Felt, Not Heard (shortened to FNH) is an American studio company specializing in sound design, musical composition, and audio production. It was founded by composer Joe Johnson in 2008, and is currently headquartered in New York City.

Since their formation in 2008, they have co-operated with creative companies for various commercials, films and motion graphics. Some of their clients include TBWA Worldwide, Squarespace, Adidas, A24, Comedy Central, and Mitsubishi. In 2011, Mr.
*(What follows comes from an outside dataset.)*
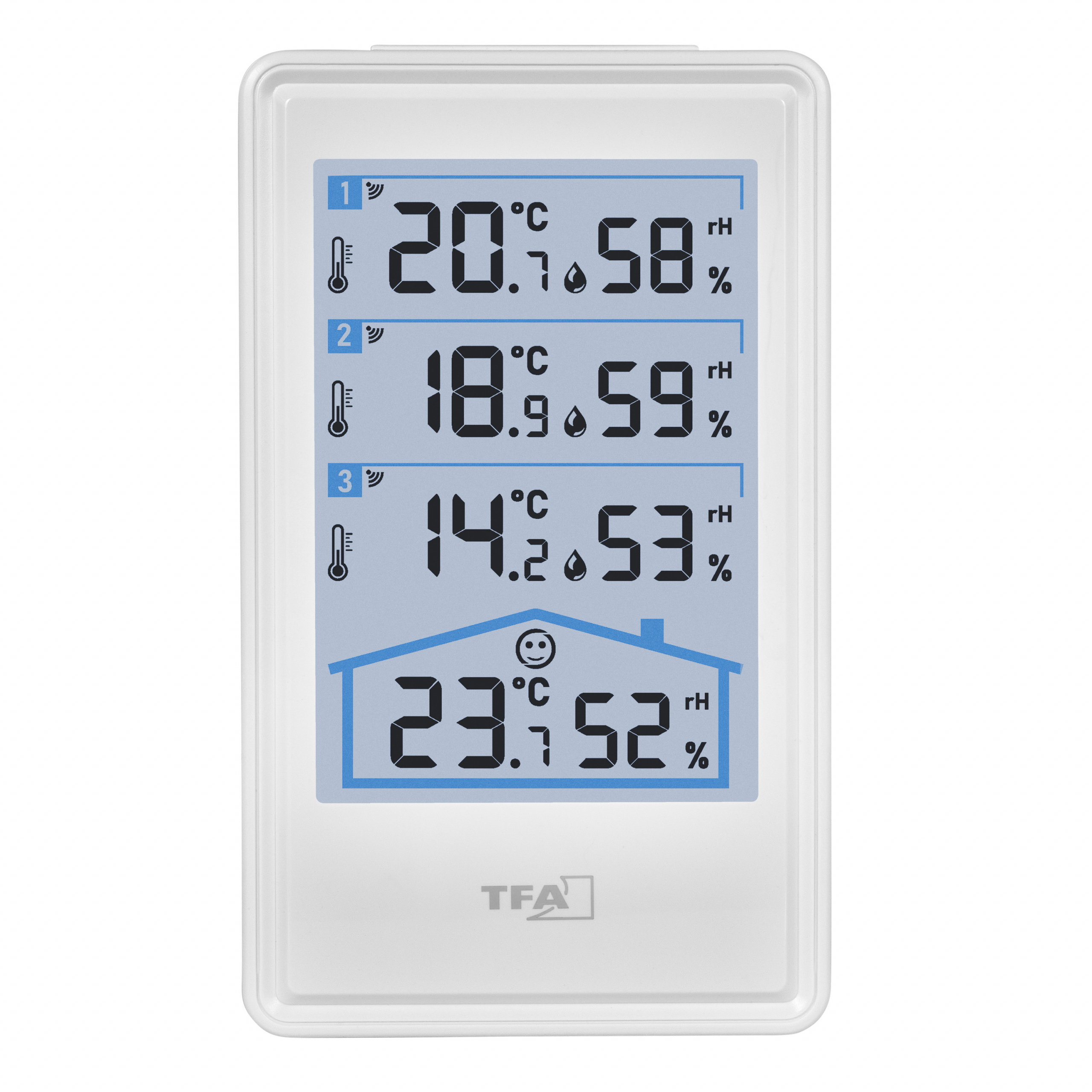 - Kabellose Übertragung der Außentemperatur und Luftfeuchtigkeit über 3 Sender (max.100m)

Johnson was awarded with the Art Director's Club Young Gun award which "recognizes the vanguard of creative professionals 30 years of age and under."

Clients 
These are the clients Felt, Not Heard has collaborated with:

 TBWA Worldwide
 AIGA
 Axe
 Buxom
 Clinique
 Mercedes-Benz
 Vanderbilt University Hospital
 Squarespace
 Adidas
 Arper
 NYCxDesign
 TED
 I Am Always Hungry
 Michael Kors
 Nissan
 A24
 AwesomenessTV
 Comedy Central
 bareMinerals
 Prada
 2x4
 Gilette

Logo and name meaning 
The logo for Felt, Not Heard was designed by creative agency, DIA. According to them,The graphic system is based on four lines which references a bass instrument's four strings. We chose an extremely reductive design to visually represent subtly of Felt, Not Heard.Alluding to the explanation, the name of the company is a general music term about the use of the bass guitar quietly in an ensemble.